Directed by Theodore Melfi
Starring Taraji Henson, Octavia Spencer, Janelle Monáe, Kevin Costner, Kirsten Dunst, Jim Parsons, Mahershala Ali
Reviewed by Shane Pinnegar

Here in 2017 a film about racial and sexual discrimination in 1961 SHOULD be an illuminating glimpse into a less enlightened time. Sadly, instead, it is ringing all too many warning bells in these troubled times where more and more bigots would see new kinds of segregation introduced.

The film opens in the early days of the space race, where America and Russia vie to be the first to send a man towards the stars. A pool of coloured, female ‘computers’ – people who can compute complex mathematics manually – working at West Virginia’s NASA complex face double edged bigotry every day, being looked down on, paid less, and respected almost not at all.

Three of their number – Katherine Goble (later Katherine Johnson, played by Taraji Henson), Dorothy Vaughan (Octavia Spencer) and Mary Jackson (Janelle Monáe) – rise above the bigotry of their co-workers and community, not to mention the advent of electronic computers, to play important roles in putting John Glen into space.

All three leads are wonderful in their roles, portraying with complex subtlety the conflict of being proud, intelligent women held down by hate and fear (Spencer has been nominated for a Best Actress Academy Award), and get the meat of the movie here. Kevin Costner is dependable as NASA chief Al Harrison; Jim Parsons as awkward as ever as scientist Paul Stafford; Kirsten Dunst is wasted as NASA Personnel Manager Vivian Mitchell; and the rest of the cast are most often set dressing, right down to the leads families, even Goble’s love interest Colonel Jim Johnson, played by the versatile Mahershala Ali.

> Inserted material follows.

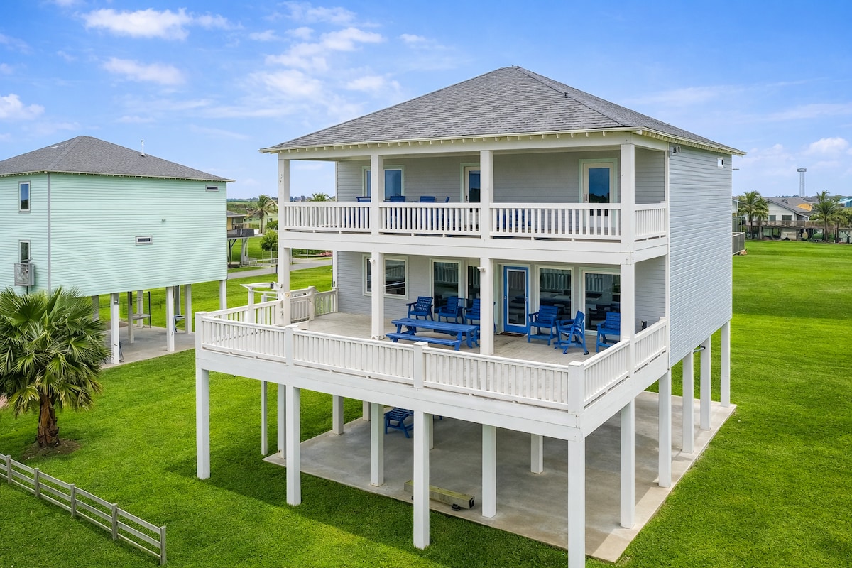 Casă NOUĂ NOUĂ 3/2 superbă pe plajă în subdiviziunea Sandpiper din Crystal Beach. Accesul la plajă privată și magazinul mare sunt la câteva minute de mers pe jos! Perfect pentru ca familiile să experimenteze briza oceanului și atunci când se întorc de la plajă, îndreaptă-te spre dușul în aer liber pentru a clăti înainte ca bucătarul familiei să curbeze o masă delicioasă folosind oale/tigăi în interior sau să pornească grătarul cu cărbune. Spațiul în aer liber include o mulțime de locuri în jurul barului/șemineului pentru a te bucura de jocuri și pentru a urmări apusul romantic/răsăritul soarelui.

Hidden Figures does an excellent job of evoking the bigotry of the times, and the growing civil rights movement to overthrow it. It’s also a story of friendship, respect and to a lesser degree, a love story.

Whilst Hidden Figures is a true story, based on the book by Margot Lee Shetterly, it isn’t completely accurate. John Glen did, for example, insist that Katherine Johnson manually check their computer’s figures, but apparently it happened weeks, rather than minutes, before his launch. It has also been reported that the issue with having to use segregated bathrooms was experienced by Mary Jackson, rather than Katherine Goble, as depicted in the film, and the coldness with which most of the other NASA staff treated the women was exaggerated in the movie. Such elements are usually included in Hollywood films for dramatic purposes, but we must be concerned how they might change viewer’s perceptions of the reality of history.

Regardless of such quibbles, Johnson, Vaughan and Jackson all had long careers with NASA, and were integral in many facets of the space program, not to mention in leading small but important wins in the civil rights movement, and Hidden Figures pays due respect to them and their achievements, as well as being a thoroughly enjoyable film with strong values.

Hidden Figures should be compulsory viewing in schools around the world: Here we are heading again, and only you can stop it happening this time.